> _Work item_
Copy out all the lines of the data precisely, omitting any pictures.

> _Information shown_
|---|
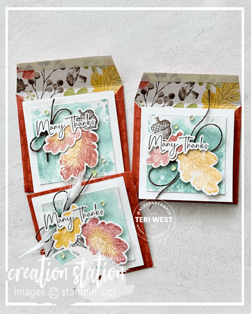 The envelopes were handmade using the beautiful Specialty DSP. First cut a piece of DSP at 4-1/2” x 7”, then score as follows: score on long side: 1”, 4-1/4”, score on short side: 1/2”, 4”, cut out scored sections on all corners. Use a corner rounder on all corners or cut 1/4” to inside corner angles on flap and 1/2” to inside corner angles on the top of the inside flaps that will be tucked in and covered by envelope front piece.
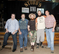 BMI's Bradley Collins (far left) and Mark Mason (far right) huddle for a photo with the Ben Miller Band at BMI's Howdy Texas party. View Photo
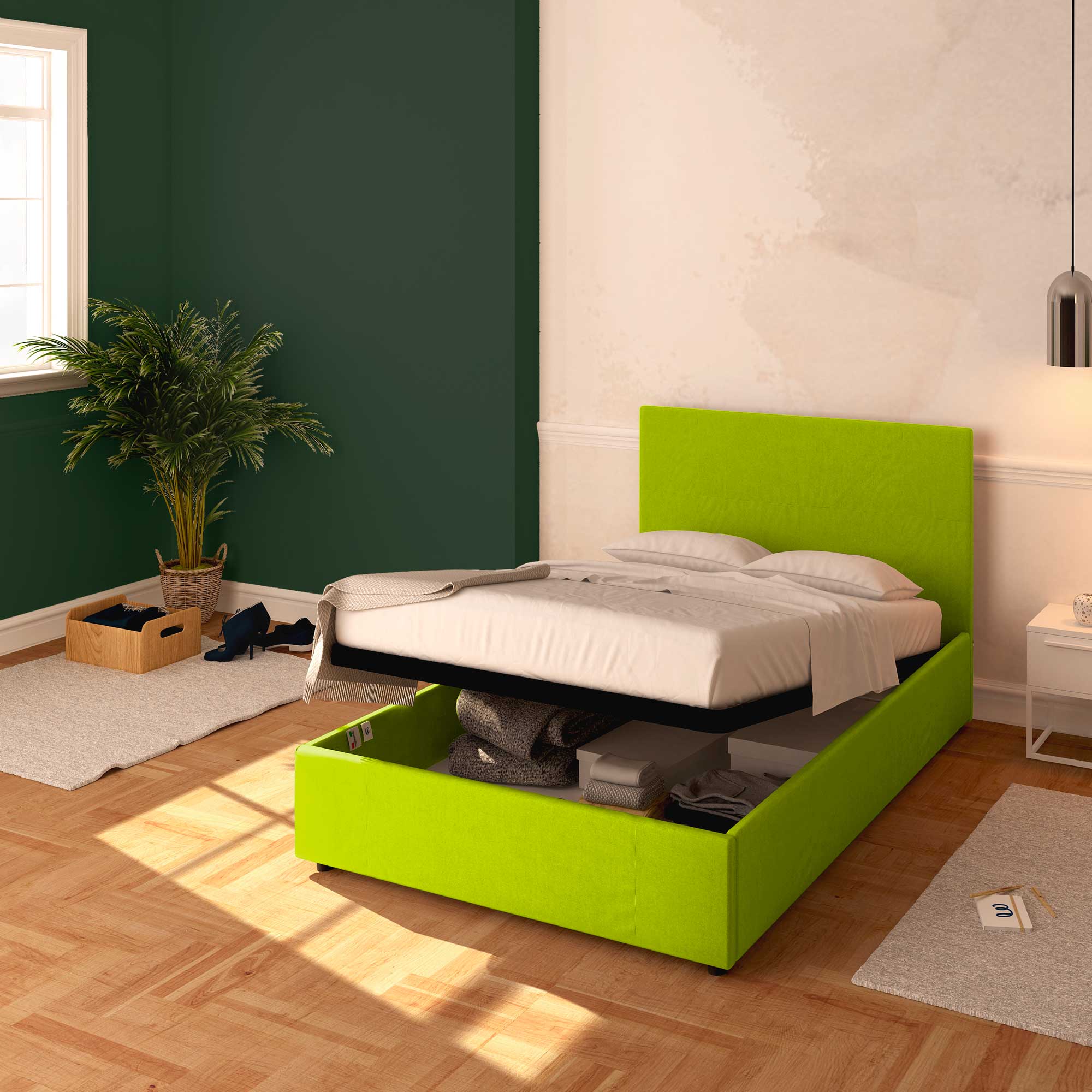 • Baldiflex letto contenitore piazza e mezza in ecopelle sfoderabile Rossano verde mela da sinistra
|---|
> _Result_
 The envelopes were handmade using the beautiful Specialty DSP. First cut a piece of DSP at 4-1/2” x 7”, then score as follows: score on long side: 1”, 4-1/4”, score on short side: 1/2”, 4”, cut out scored sections on all corners. Use a corner rounder on all corners or cut 1/4” to inside corner angles on flap and 1/2” to inside corner angles on the top of the inside flaps that will be tucked in and covered by envelope front piece.
 BMI's Bradley Collins (far left) and Mark Mason (far right) huddle for a photo with the Ben Miller Band at BMI's Howdy Texas party. View Photo
 • Baldiflex letto contenitore piazza e mezza in ecopelle sfoderabile Rossano verde mela da sinistra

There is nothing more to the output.